No obstante, es cierto que la citada Sentencia del Tribunal Supremo de 6 de octubre de 2005 se refería a un caso de menor de edad, además de citar en apoyo de su tesis el artículo 164.1 del Código Civil, sobre exclusión de los padres de la administración, aunque admitió el establecimiento de la limitación más allá de la mayoría de edad (hasta los veinticinco años).

En realidad, a mi entender, el sentido fundamental de la norma es precisamente la posibilidad de gravar la legítima de la persona sujeta a medidas de apoyo, pues fuera de este caso de afectar a un legitimario, el disponente a título gratuito tendría libertad para configurar el régimen de la liberalidad en cuanto a administración y disposición, lo que  no sería sino una limitación a la disposición, posible, pues el disponente a título gratuito puede llegar a prohibir válidamente la disposición de la cosa donada y si puede lo más, prohibirla, debe poder lo menor, limitarla o condicionarla. 

Aunque la limitación quedará sin efecto en caso de extinguirse la necesidad de medidas de apoyo.

La versión previa indicaba que las facultades que no se conferían al administrador corresponderían al tutor.
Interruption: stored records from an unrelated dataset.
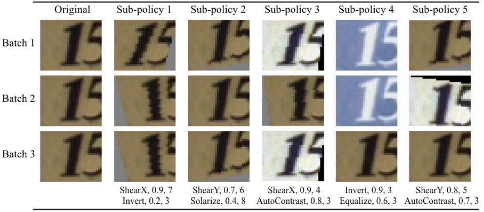 图 1:在 SVHN 上发现的一个策略,以及如何使用它在给定用于训练神经网络的原始图像的条件下来生成增强后的数据。这个策略包含 5 个子策略。对于小批量中的每一张图像,作者均匀地随机选取一个子策略去生成一张变换后的图像来训练神经网络。每个子策略由两个操作组成,每个操作都与两个数值相关联:调用操作的概率、操作的幅度。由于存在调用操作的概率,因此该操作在这个小批量中可能不被应用。然而,如果它被应用了,这个应用的幅度就是固定的。作者通过展示即使使用相同的子策略,一个示例图片能够在不同的小批量中被不同地变换,强调了应用子策略的随机性。正如文中所解释的,在 SVHN 上,AutoAugment 更常采取几何变换措施。我们可以从中看出为什么翻转(Invert)在 SVHN 上是一个被普遍选择的操作,因为图像中的数字在这种变换下具有不变性。
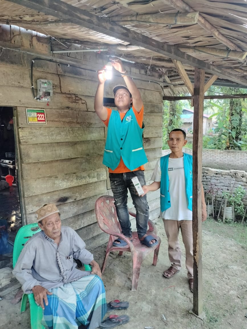 Telah di berikan bantuan pemasangan listrik PLN kepada bapak Karnel umur 78 tahun yang selama ini tinggal dirumah tanpa listrik dan lampu karena tidak ada biaya untuk memasang listrik.
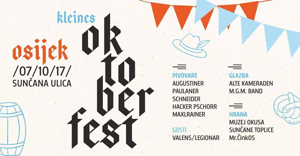 Kod kušaonice piva Gajba u Sunčanoj ulici, u subotu 7.10.2017, od 15:00 do 23:00 sata čeka vas jedna od najvećih pučkih zabava ove godine u gradu na Dravi! Ponos bavarske prijestolnice, izvrsno pivo, zvuci, mirisi i okusi prošarat će Sunčanu ulicu u osječkom Gornjem gradu (centar) na manifestaciji Kleines Oktoberfest (Mali Oktoberfest).
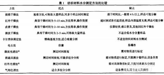 纺织材料水分测定方法可归纳为10种,结果见表1.

Ahora se indica que corresponderán a la misma persona, sin perjuicio del apoyo que precise para ejercerlas. Si lo que existe es una curatela representativa, podría ser opinable si ello se incluye en la previsión legal subsidiaria (lo que entiendo defendible) o bien sería necesario que se modificase judicialmente la curatela representativa para extenderla expresamente a estos bienes.